Intraday Market Thoughts

CAD Outperforms on BoC, Oil

by Adam Button
May 25, 2016 23:51

The Bank of Canada took a more-neutral stance than expected on Wednesday and along with rising oil prices that helped made the Canadian dollar the top performer while the yen lagged. Australian capex data and the New Zealand budget are due later. The Premium Insights added a 2nd CAD long to the trades ahead of the BoC decision and EIA inventory announcement. Full rationale and charts analysis to the CAD and other trades is in today's Premium Video.

Most analysts were looking for a hint at a lower trajectory for growth and inflation from the BoC but the communication was strictly neutral. Growth will be dinged by the forest fires in Q2 but the BOC expects a positive payback in Q3 and said the economy was evolving as expected.

They added a touch of skepticism on oil prices as they noted that temporary supply disruptions were helping to lift prices. In policy, however, the BOC will deal with whatever the oil market delivers. On Wednesday, it was more gains on the back of tighter supply in the API and EIA reports. WTI finished more than $1 higher to $49.65. The $50 level is a psychological level but the October high of $50.92 is the technical one to watch.
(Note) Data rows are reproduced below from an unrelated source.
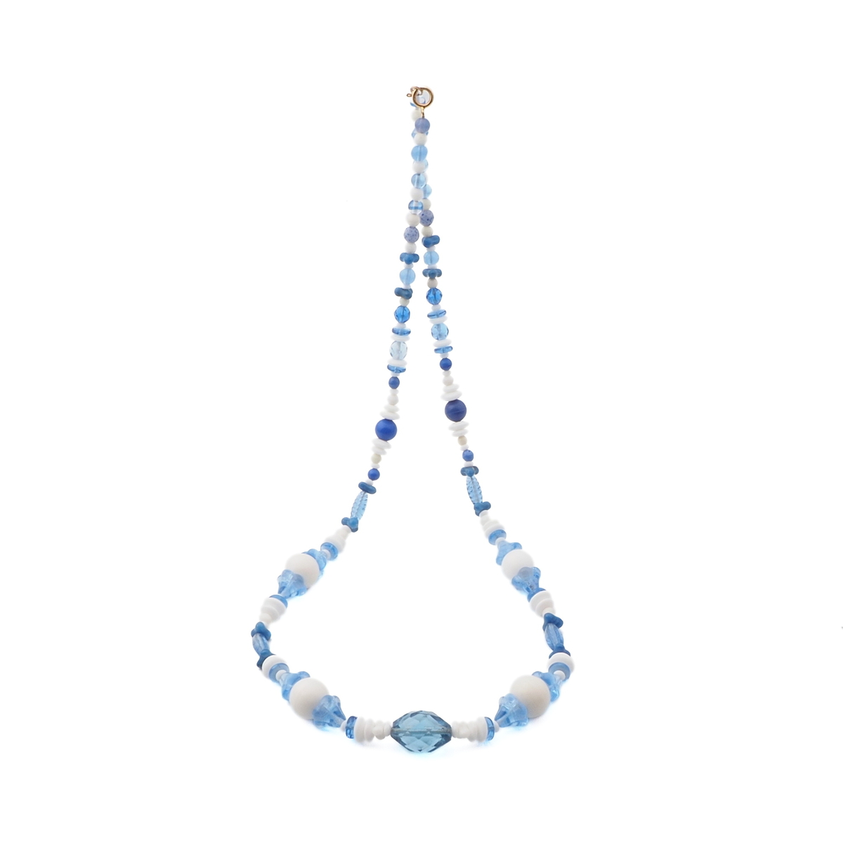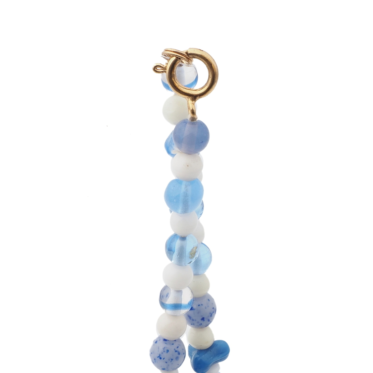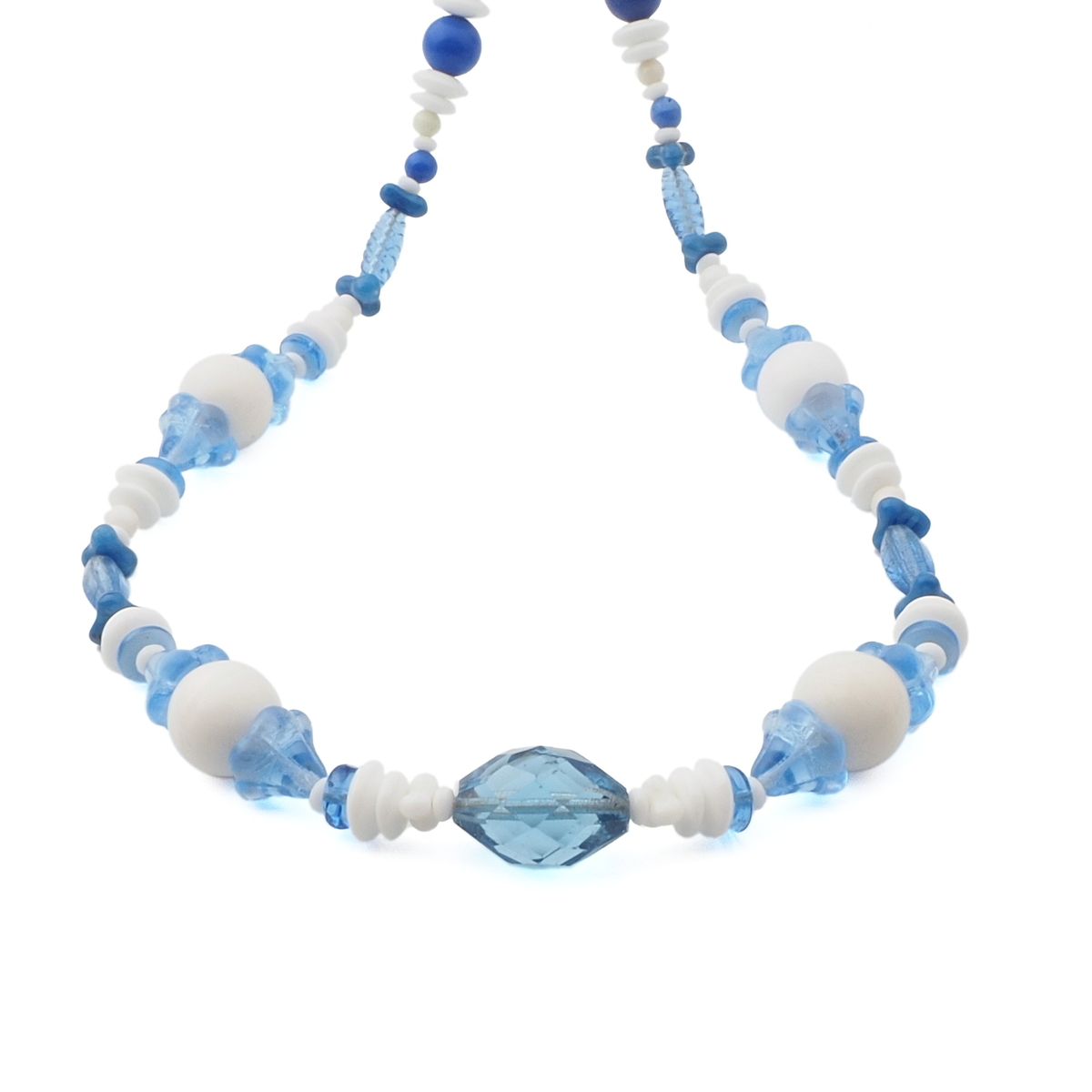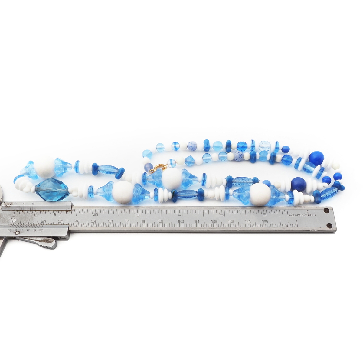 Vintage Czech necklace with a stunning selection of glass beads. A wonderful selection of blue and white round, rondelle, flower and oval glass beads in a variety of sizes. Gold tone clip clasp closer. This necklace is from the 1970's and is in excellent condition for the age, having been in storage for over 50 years. Many of the beads are older, from the Deco era.
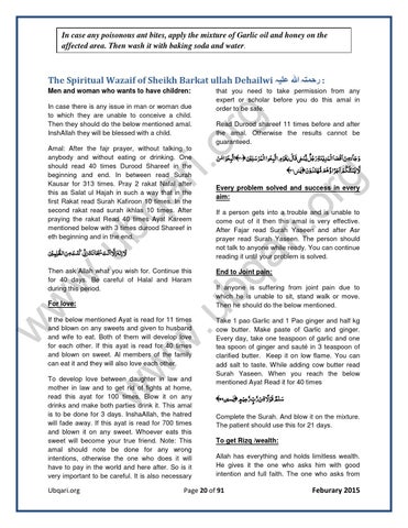 Take 1 pao Garlic and 1 Pao ginger and half kg cow butter. Make paste of Garlic and ginger. Every day, take one teaspoon of garlic and one tea spoon of ginger and sauté in 3 teaspoon of clarified butter. Keep it on low flame. You can add salt to taste. While adding cow butter read Surah Yaseen. When you reach the below mentioned Ayat Read it for 40 times ً َ ٰ َ َ ٰ ﴾۵۸ََسلماقولاماَر ٍِّاَرَحی ٍما﴿یسی Complete the Surah. And blow it on the mixture. The patient should use this for 21 days. To get Rizq /wealth: Allah has everything and holds limitless wealth. He gives it the one who asks him with good intention and full faith. The one who asks from
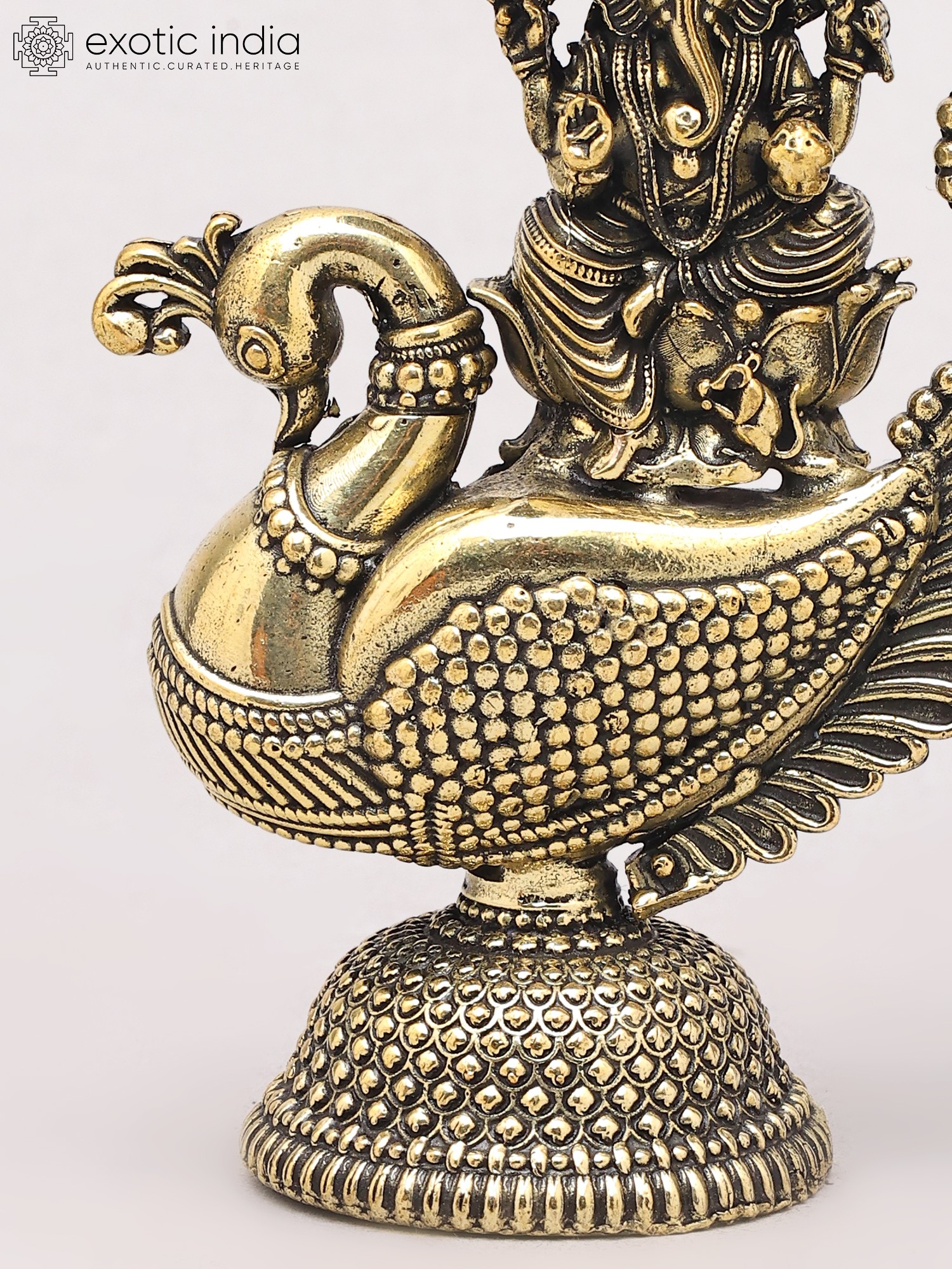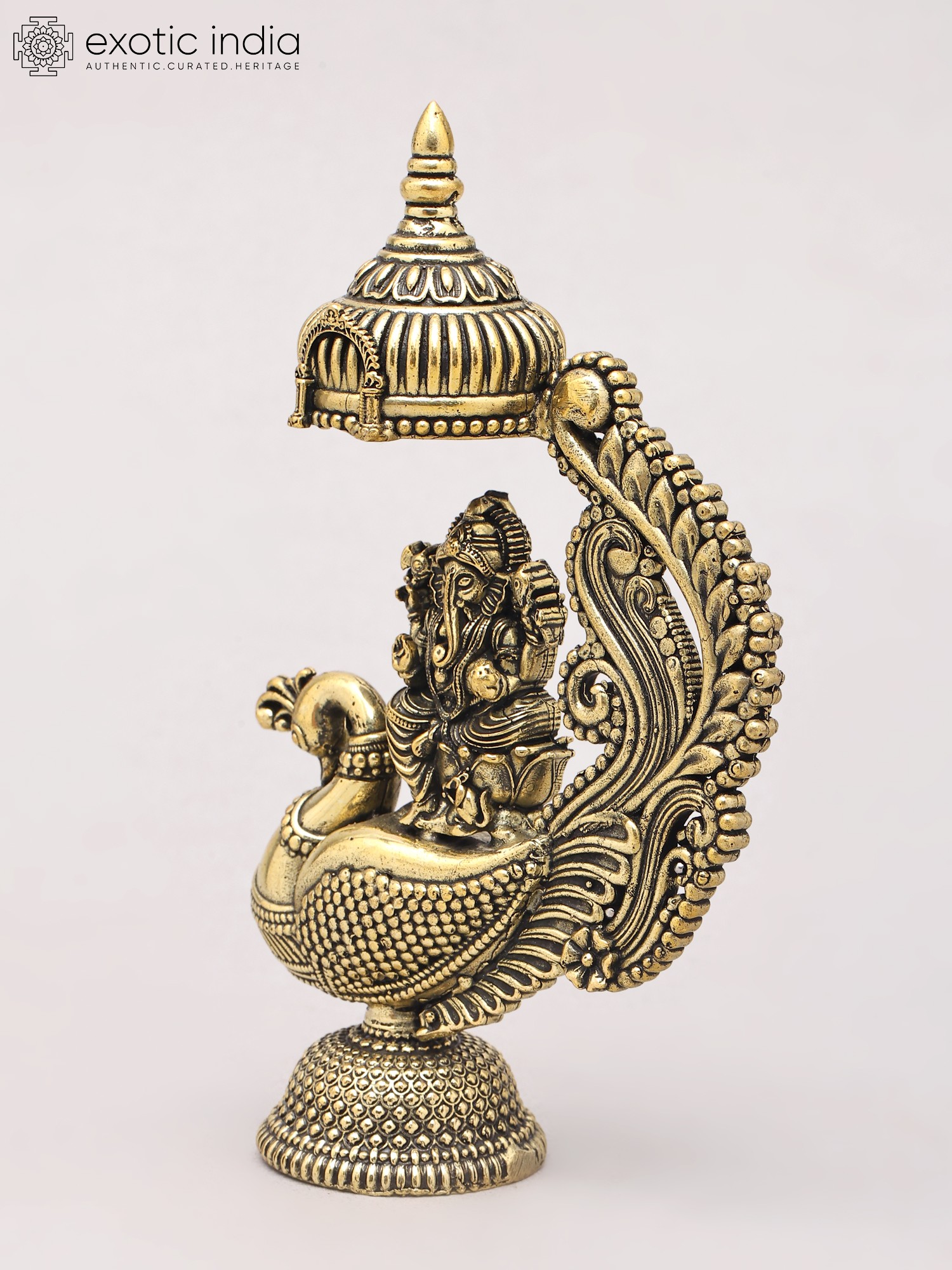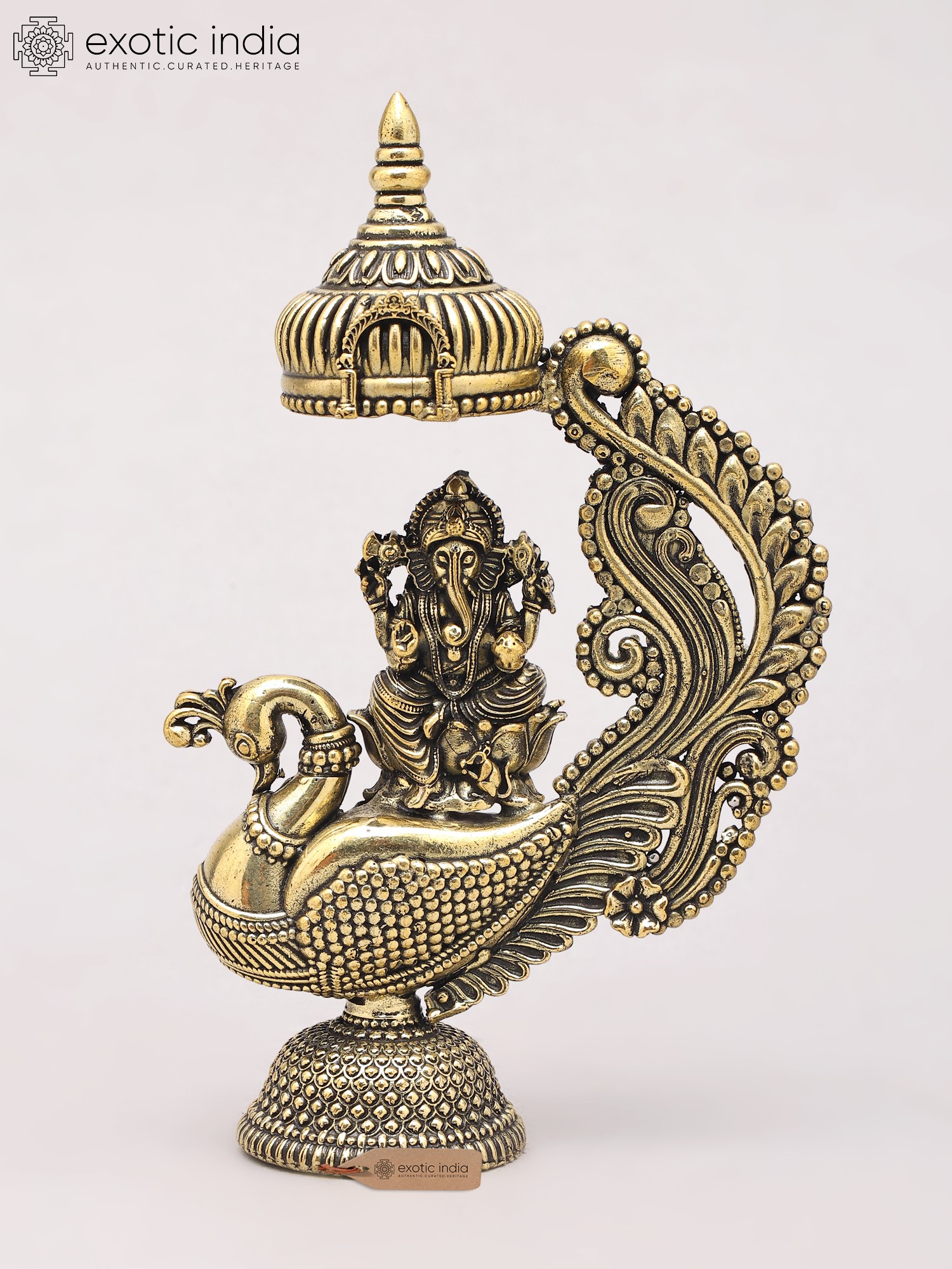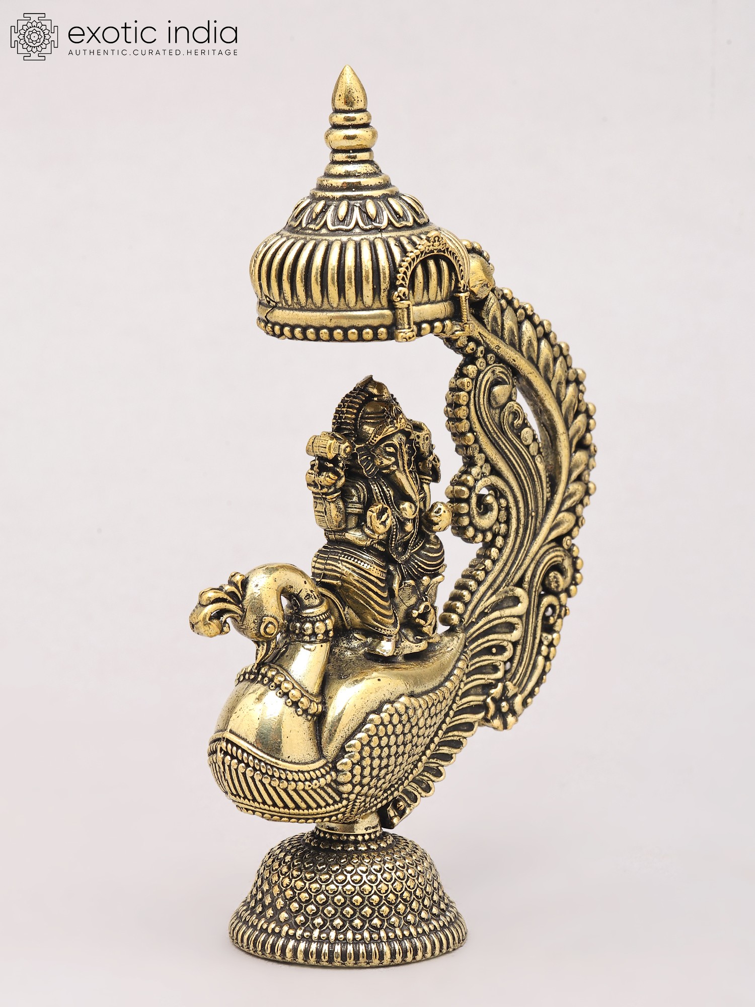 18" Lord Ganesha Statue on a Swing with Kirtimukha atop in Brass | Handmade | Made in India

US dollar news was mixed. The advance trade balance report showed a $57.5B deficit compared to $60.0B expected but the Markit services PMI slipped to 51.2 from 53.0. In broad terms, the dollar was little changed despite another strong day in the stock market.

Cable closed at the highest level since early January and is nearing the May intraday high of 1.4770. Oddsmakers now see a Brexit as a longshot and that's helping to fuel gains.

The Australian dollar bounced around by risk sentiment and the falling Chinese yuan. Today the focus shifts to investment spending and forecasts are for a 3.5% contraction in Q1 in the 0130 GMT report. The number will offer some insight into how deeply mining companies have retrenched but at the same time, if resource prices can hold, that might represent a trough.

The other event to watch is the New Zealand budget at 0200 GMT. Any measures to cool the housing market would give the RBNZ more leeway to cut rates. Alternately, extra stimulus may lead Wheeler to believe that better growth and inflation numbers are in the pipeline.